◆ WHAT IS NEEDED:
Please output the listing that follows exactly, but keep all images out.

◆ GIVEN INFORMATION:

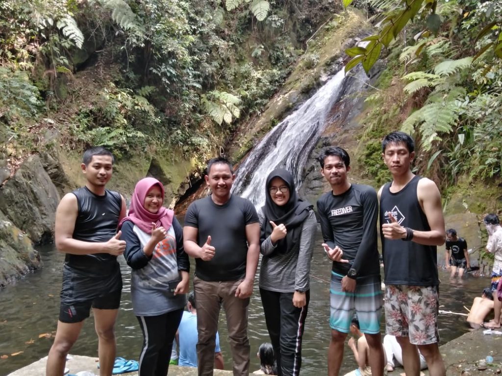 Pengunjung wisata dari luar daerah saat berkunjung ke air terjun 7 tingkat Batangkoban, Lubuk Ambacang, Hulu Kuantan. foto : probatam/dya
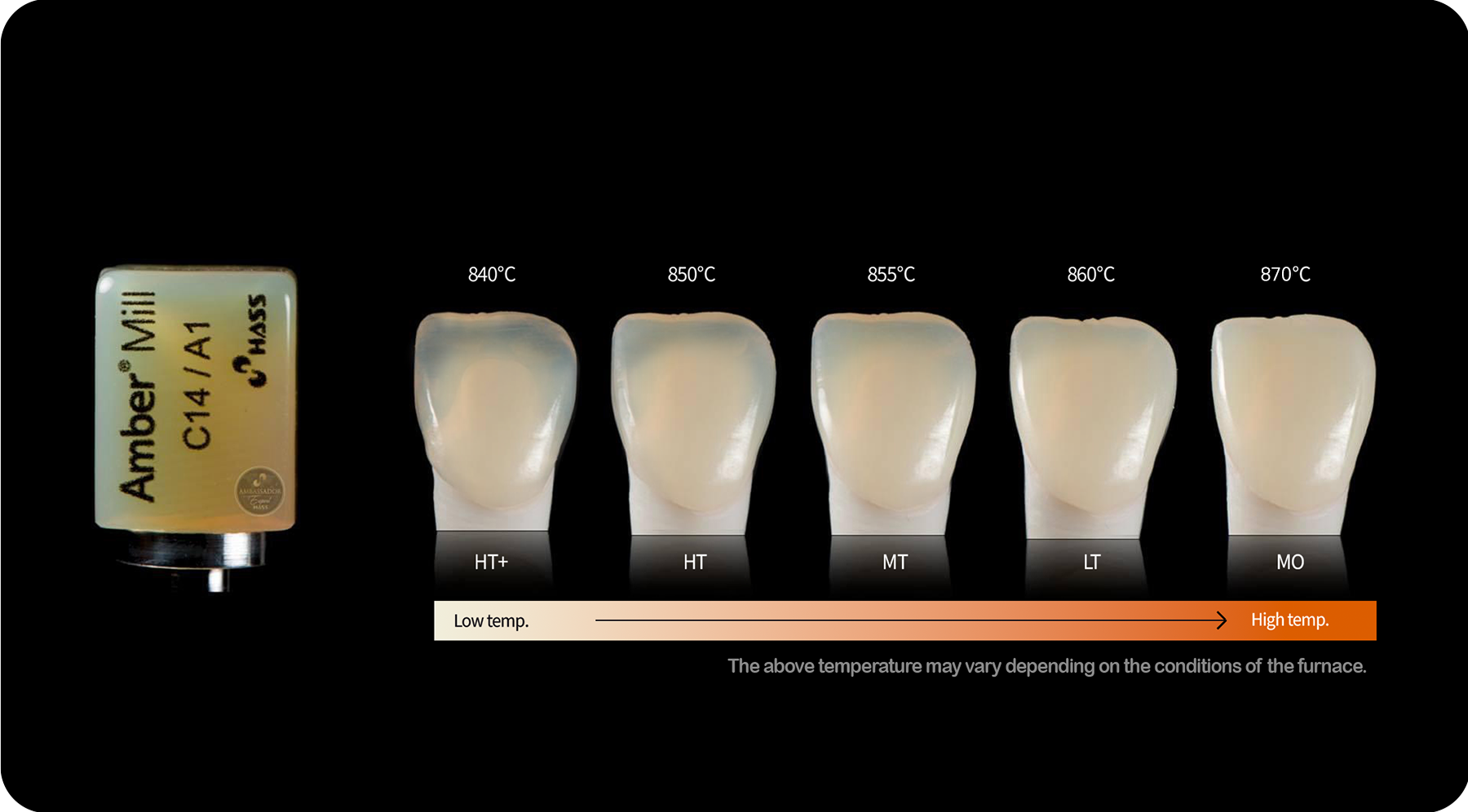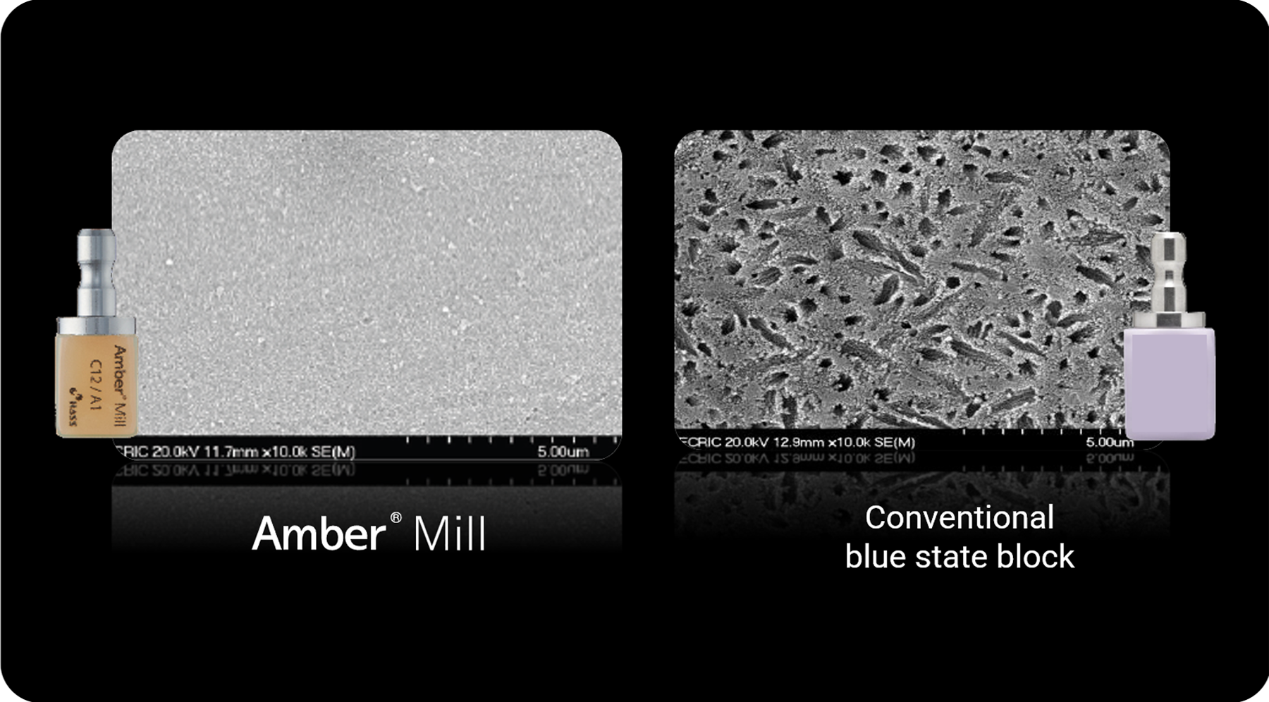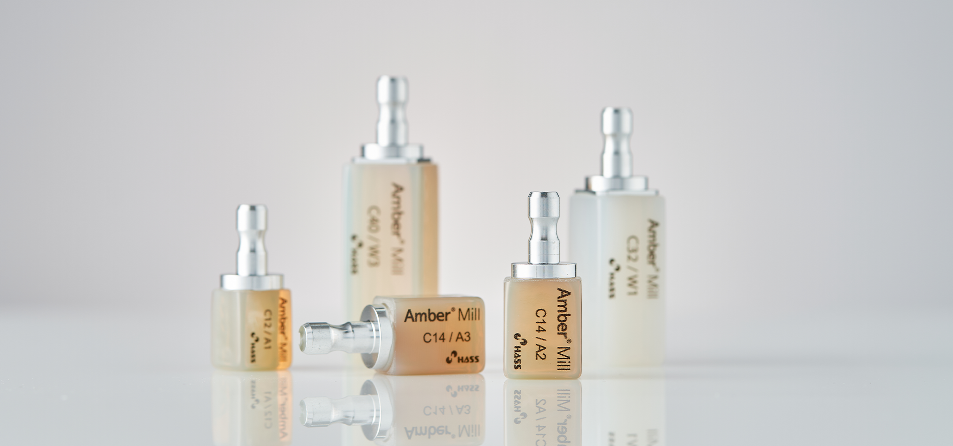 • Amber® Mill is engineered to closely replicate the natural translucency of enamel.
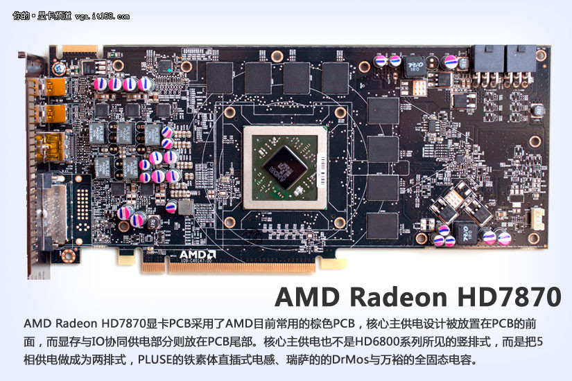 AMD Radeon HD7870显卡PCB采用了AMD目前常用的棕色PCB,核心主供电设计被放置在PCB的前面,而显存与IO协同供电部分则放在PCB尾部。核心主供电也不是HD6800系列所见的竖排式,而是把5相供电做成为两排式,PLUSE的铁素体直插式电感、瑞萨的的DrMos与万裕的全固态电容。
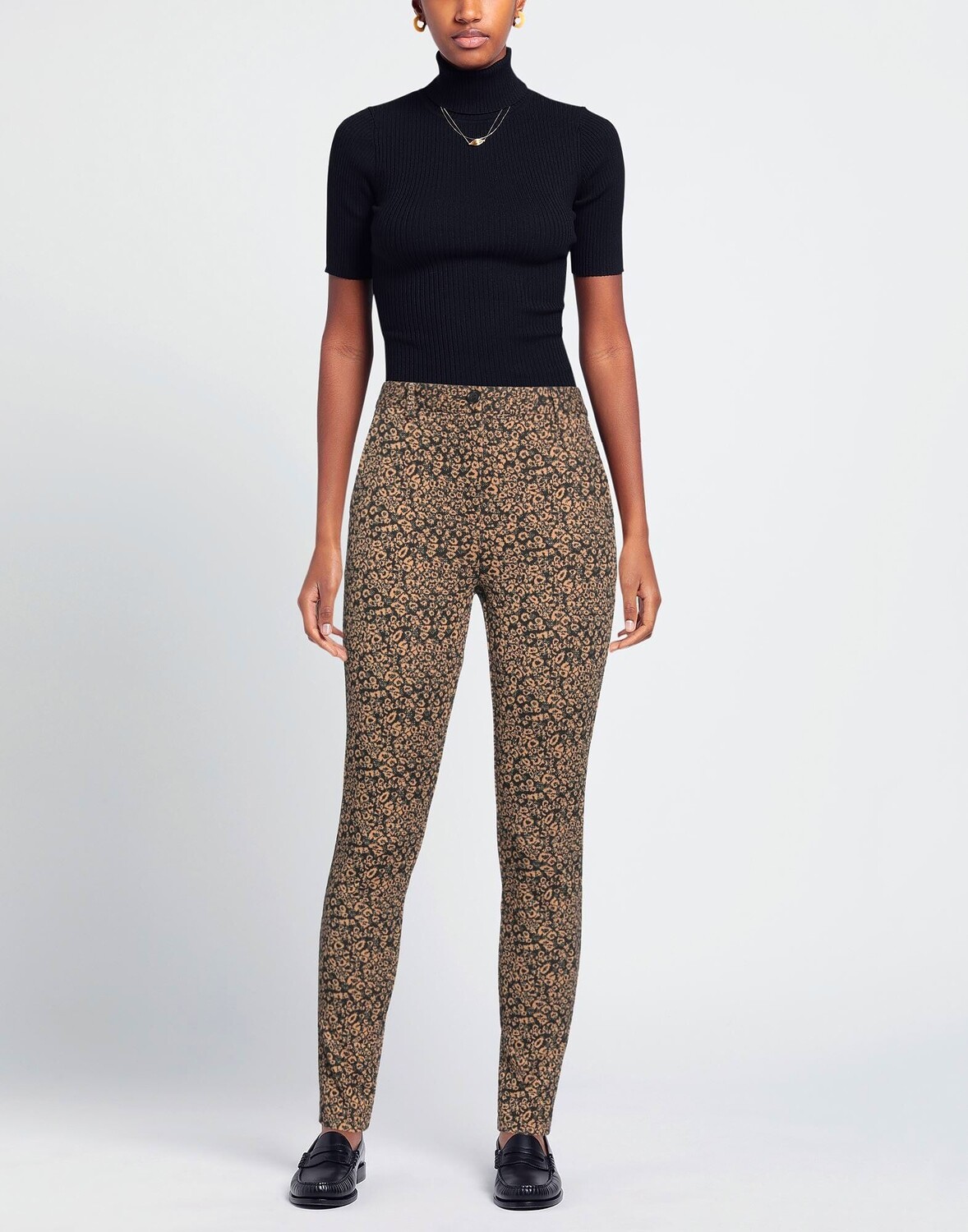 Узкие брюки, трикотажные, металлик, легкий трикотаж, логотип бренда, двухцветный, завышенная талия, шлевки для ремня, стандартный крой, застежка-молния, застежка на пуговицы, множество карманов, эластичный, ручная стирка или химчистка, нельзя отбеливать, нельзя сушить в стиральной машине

◆ SOLUTION FOR THIS EXERCISE:
 Pengunjung wisata dari luar daerah saat berkunjung ke air terjun 7 tingkat Batangkoban, Lubuk Ambacang, Hulu Kuantan. foto : probatam/dya
 • Amber® Mill is engineered to closely replicate the natural translucency of enamel.
 AMD Radeon HD7870显卡PCB采用了AMD目前常用的棕色PCB,核心主供电设计被放置在PCB的前面,而显存与IO协同供电部分则放在PCB尾部。核心主供电也不是HD6800系列所见的竖排式,而是把5相供电做成为两排式,PLUSE的铁素体直插式电感、瑞萨的的DrMos与万裕的全固态电容。
 Узкие брюки, трикотажные, металлик, легкий трикотаж, логотип бренда, двухцветный, завышенная талия, шлевки для ремня, стандартный крой, застежка-молния, застежка на пуговицы, множество карманов, эластичный, ручная стирка или химчистка, нельзя отбеливать, нельзя сушить в стиральной машине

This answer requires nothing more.